- **PROBLEM REQUIREMENTS**
Retype word for word the stretch of entries below from the line that has "Women's Smocked Cuffed" through the line that has "China, séc.XX, em", and omit the pictures.

- **DATA FOR REVIEW**

════════

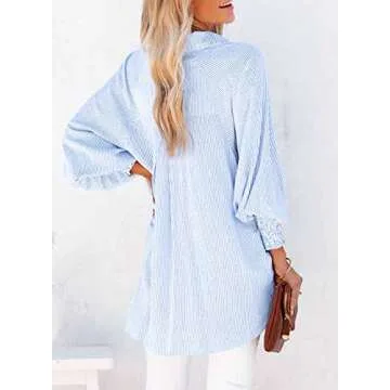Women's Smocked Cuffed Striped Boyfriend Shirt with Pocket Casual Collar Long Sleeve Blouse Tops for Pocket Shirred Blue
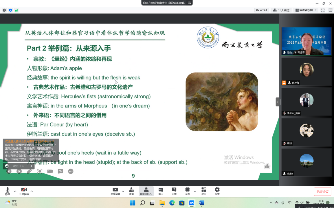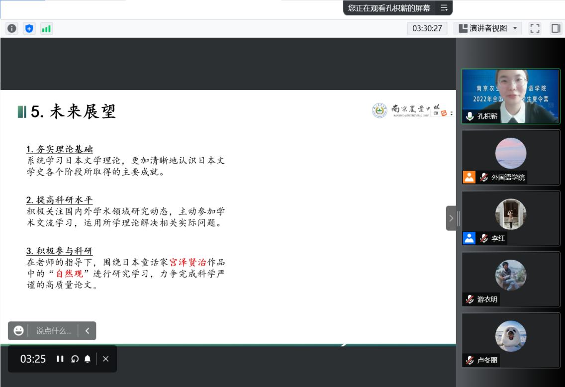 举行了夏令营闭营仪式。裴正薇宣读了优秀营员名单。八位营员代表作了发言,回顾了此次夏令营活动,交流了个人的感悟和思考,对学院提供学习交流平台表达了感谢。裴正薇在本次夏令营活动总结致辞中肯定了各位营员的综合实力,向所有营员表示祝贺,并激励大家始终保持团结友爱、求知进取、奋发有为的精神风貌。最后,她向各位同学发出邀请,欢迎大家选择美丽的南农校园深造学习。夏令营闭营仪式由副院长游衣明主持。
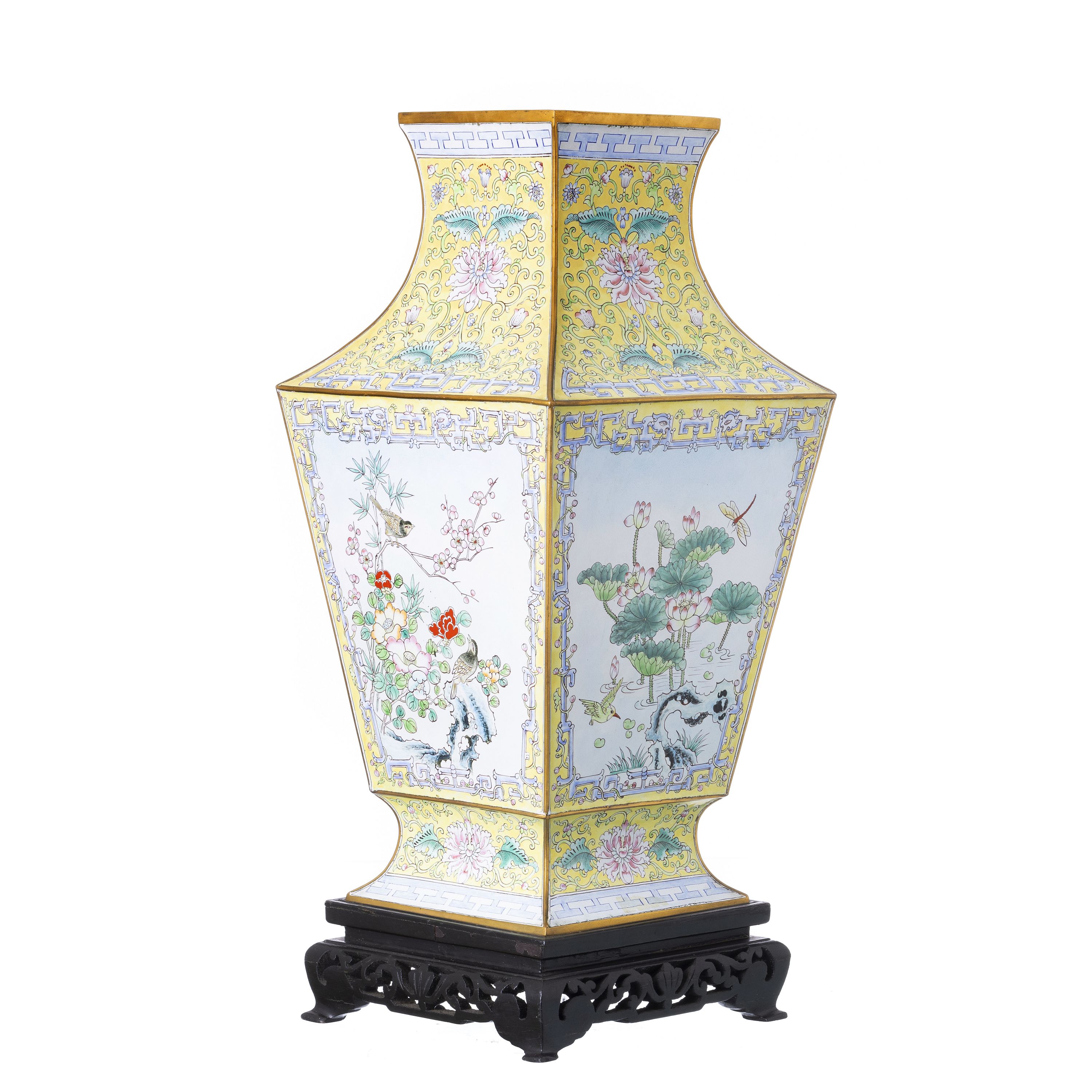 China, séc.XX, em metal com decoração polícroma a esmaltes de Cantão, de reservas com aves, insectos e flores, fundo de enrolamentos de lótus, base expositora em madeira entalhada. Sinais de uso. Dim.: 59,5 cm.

════════

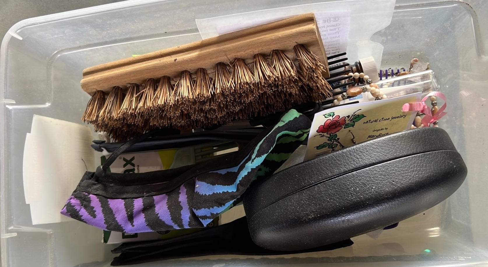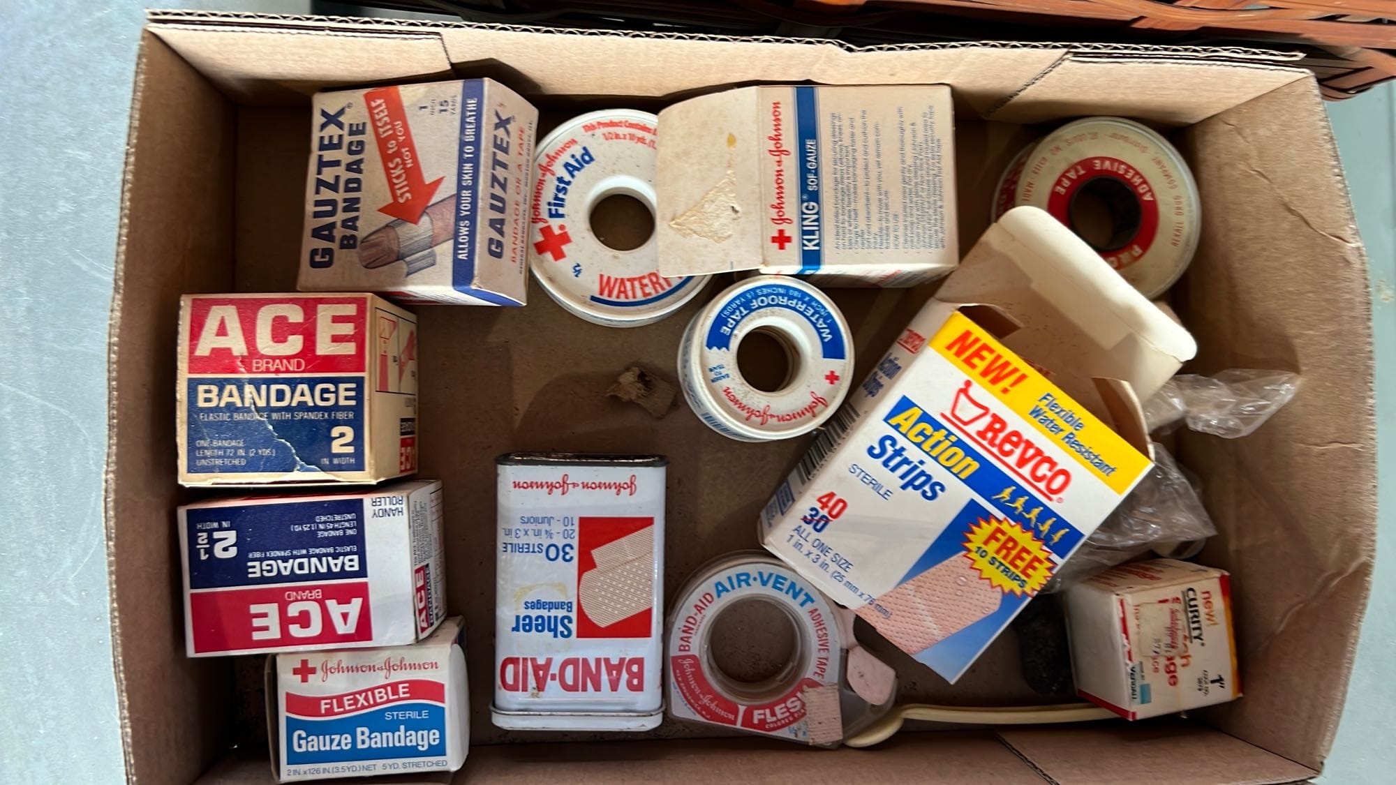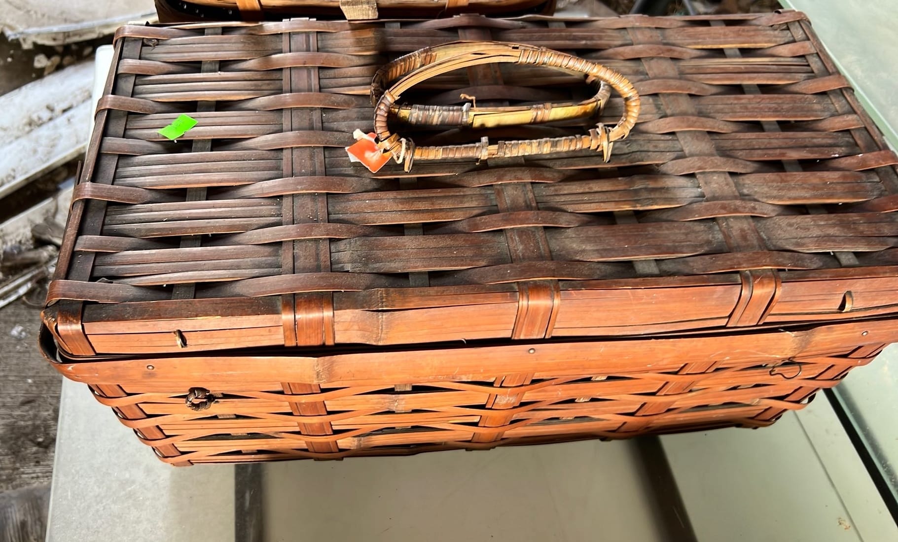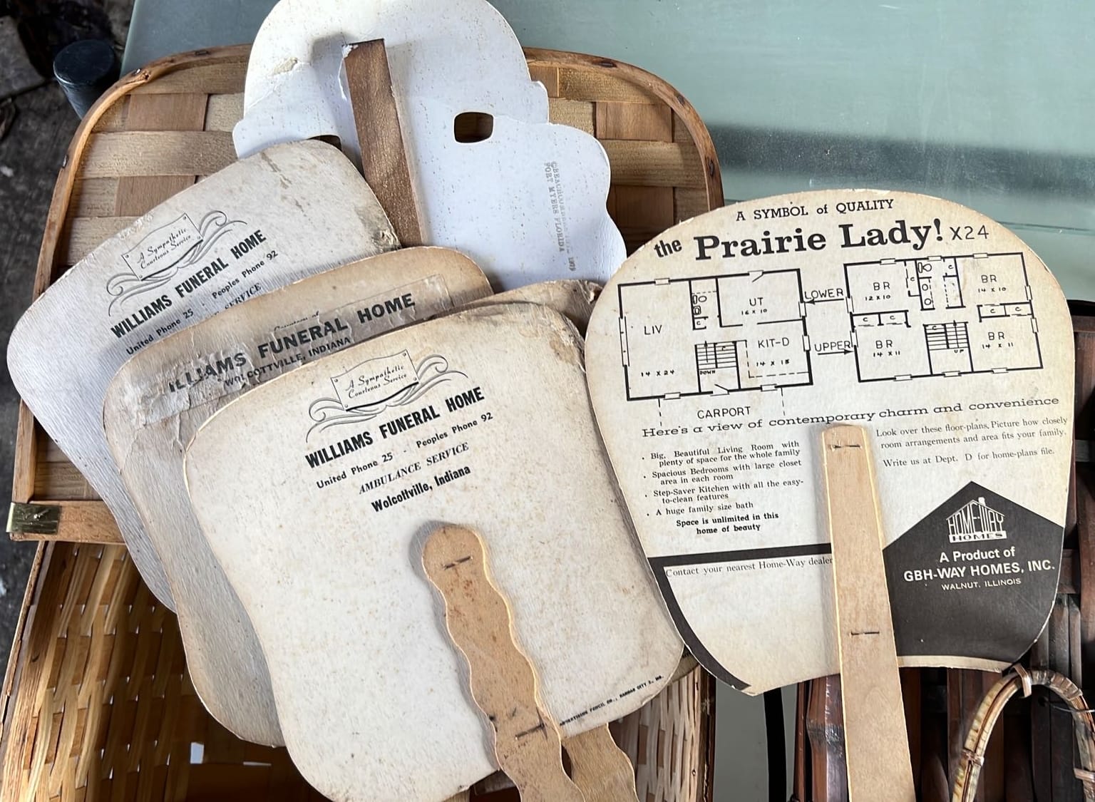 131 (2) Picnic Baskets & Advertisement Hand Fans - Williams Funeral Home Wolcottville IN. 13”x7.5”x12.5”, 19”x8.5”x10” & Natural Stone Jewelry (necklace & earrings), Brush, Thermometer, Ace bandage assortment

════════

- **WRITTEN RESPONSE**
Women's Smocked Cuffed Striped Boyfriend Shirt with Pocket Casual Collar Long Sleeve Blouse Tops for Pocket Shirred Blue
 举行了夏令营闭营仪式。裴正薇宣读了优秀营员名单。八位营员代表作了发言,回顾了此次夏令营活动,交流了个人的感悟和思考,对学院提供学习交流平台表达了感谢。裴正薇在本次夏令营活动总结致辞中肯定了各位营员的综合实力,向所有营员表示祝贺,并激励大家始终保持团结友爱、求知进取、奋发有为的精神风貌。最后,她向各位同学发出邀请,欢迎大家选择美丽的南农校园深造学习。夏令营闭营仪式由副院长游衣明主持。
 China, séc.XX, em metal com decoração polícroma a esmaltes de Cantão, de reservas com aves, insectos e flores, fundo de enrolamentos de lótus, base expositora em madeira entalhada. Sinais de uso. Dim.: 59,5 cm.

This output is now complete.